Clustering is an important step in the Classification and Annotation workflow, since it increases the granularity of the latent space on which the generative models are trained. Whereas the current implementation, using k-means clustering, has the advantage of being robust and well developed, a shortcoming is that if more finely spaced clusters are necessary for a specific behavior model, corresponding regions of the feature space have to be clustered again and cluster models trained anew. We are thus pursuing the integration of more sophisticated generative model learning approaches into the workflow that retain more accessible information about the underlying data distributions, such as arbitrary conditional flows [61].

Behavior models are also an important aspect in this part of Q-ROCK. Whereas only hand-crafted behavior models and feature spaces have been tested to date, we aim at a more automated approach in the future. We actively research the application of variational autoencoders to world state trajectory data, and how well features found in this way can be semantically interpreted. Furthermore, we are working on automated extraction of behavior model definitions, both from human demonstration data and from modelling human evaluation functions.

Although our goal is to increase the level of automation in the future, we still see human labelling as a crucial backstop in the cycle to give meaning to the explored data and to introduce steps for revision as part of the bottom-up path. Recent work has also shown that pure automation based AI approaches can be inferior to an interactive human in the loop in complex reasoning tasks [62]. We thus see leveraging human semantic knowledge rather to be a feature of our approach than a shortcoming.

An interesting theoretical problem is defining where the domain of cognitive cores ends, and the domain of planning begins, i.e., up to which behavioral complexity level cognitive cores can be reasonably defined. The cognitive core formalism is purposefully flexible enough such that planning algorithms can be expressed, thus there is no clear limitation imposed on the formal side. A related challenge is parallel execution of cognitive cores of subsystems, such as demonstrated in Fig. 14. Whether learning based techniques that are warm-started with initial guesses from individual cognitive core samples, higher level policy training on the established latent space of simple policies similar to [32], or more reasoning oriented approaches will prove more effective in our workflow is not finally resolved. An alternative solution is only using cognitive cores of a full system and using its subsystems’ clusters for the exploration of the full system, as discussed in section “Exploration”.

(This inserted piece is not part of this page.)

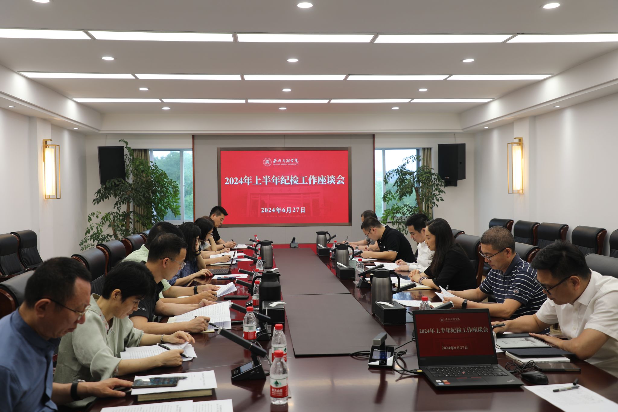 6月27日下午,学校召开2024年上半年纪检工作座谈会。校党委书记倪沪平出席会议,嘉兴市纪委监委第二监督检查室副主任乔岳应邀到会指导,党委(校长)办公室负责人、纪检监察室成员、各二级纪检组织负责人参加会议。会议由校党委委员、纪委书记、省监委驻开云官方入口 监察专员柯羽主持。
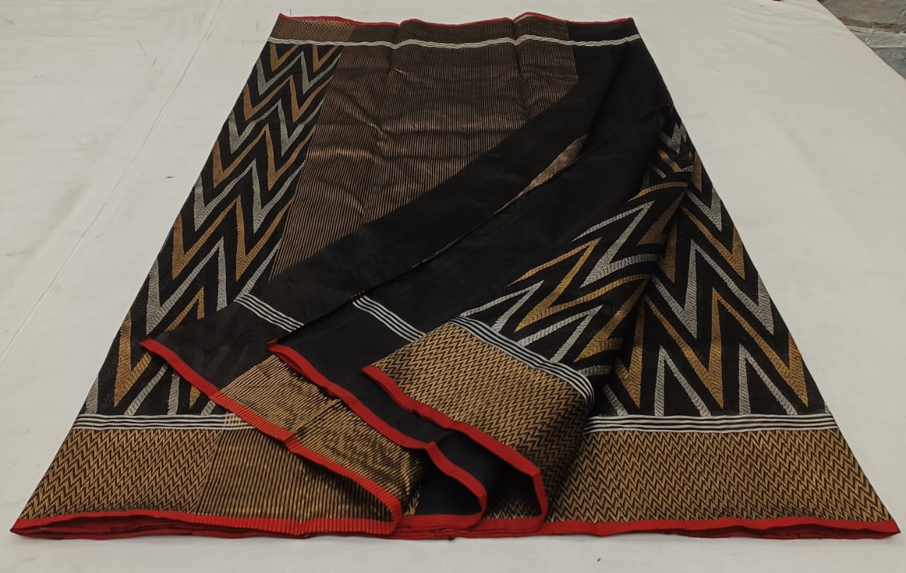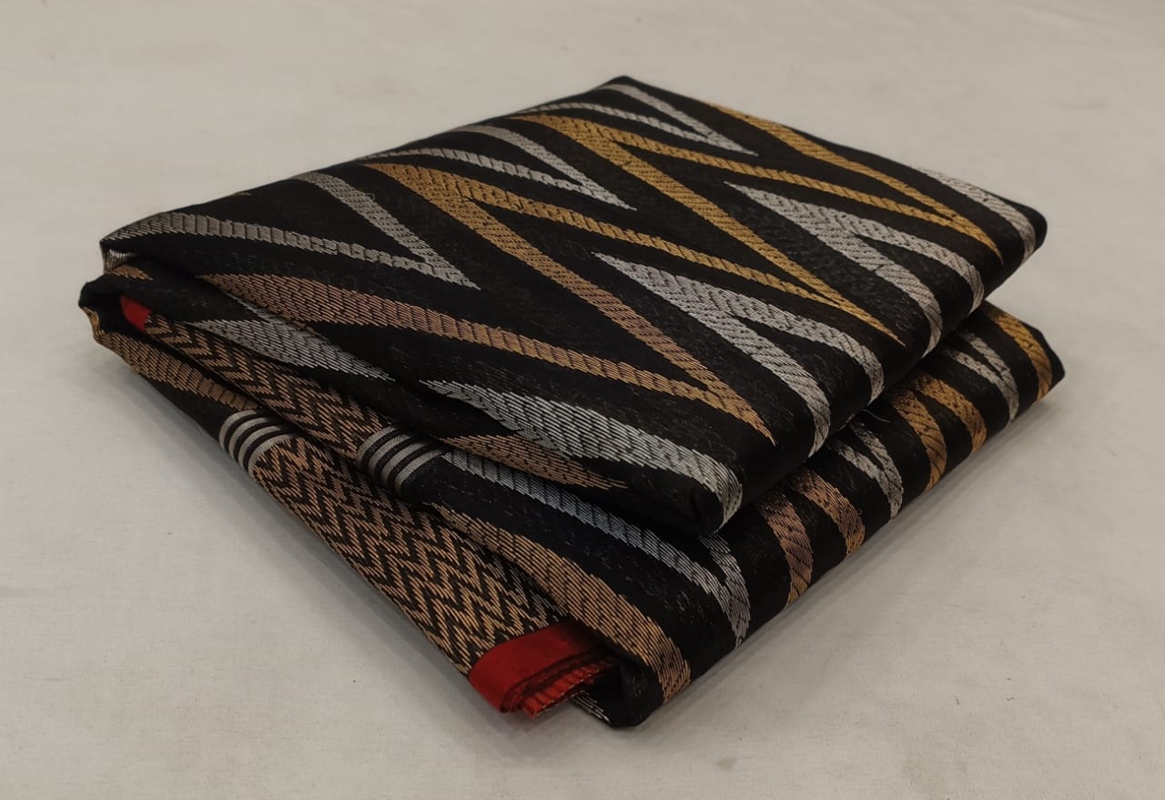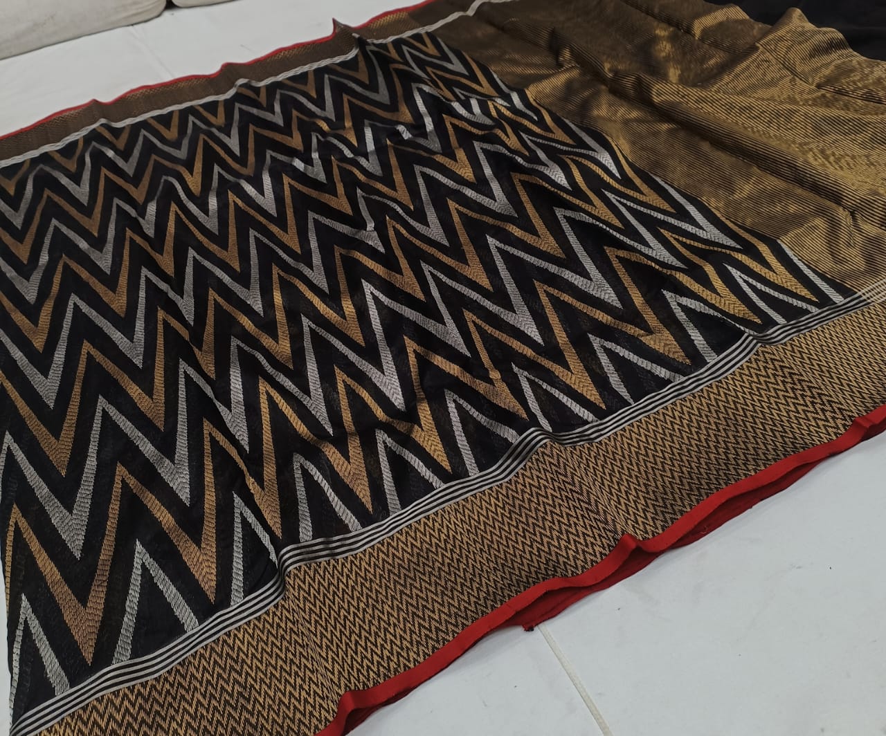 Black Chanderi Handloom Pattu Silk Handwork Saree

To effectively exploit explored cognitive cores and behaviors, we suggest a high-level planning based approach in this paper. Since the existing decomposition of problems is currently depending on the planner’s domain definition, we also provide an interface to create new missions. The current use case does not challenge this interface, since only very simple tasks decompositions are required. For increasingly complex problem descriptions, this mission description interface needs to remain not only intuitive, but also sufficiently expressive. Furthermore, this interface needs to be extensible through a growing vocabulary. Another challenge remains for the application of a found solution and exploitation of existing behaviors to address a user’s high-level problem. The framework provides first a mostly generic and robot-agnostic solution. This solution has then to be mapped to the finally selected robot, i.e., this robot needs to execute the solution. To achieve the latter, we have to run our cognitive core in robot-specific contexts, e.g., exploiting existing robotic frameworks such as ROS. Thus, a grounding of generic solutions to selected environments and newly designed robots has to be performed. Semantic annotations are key elements for this mapping since they provide the essential glue between reasoning and cognitive cores, where the vocabulary is defined by our ontology. We still need to enrich and revise the structure of this ontology based on human feedback processes of annotating cognitive cores. Hence, developing a sufficiently expressive semantic annotation language remains a further challenge for the reasoning part.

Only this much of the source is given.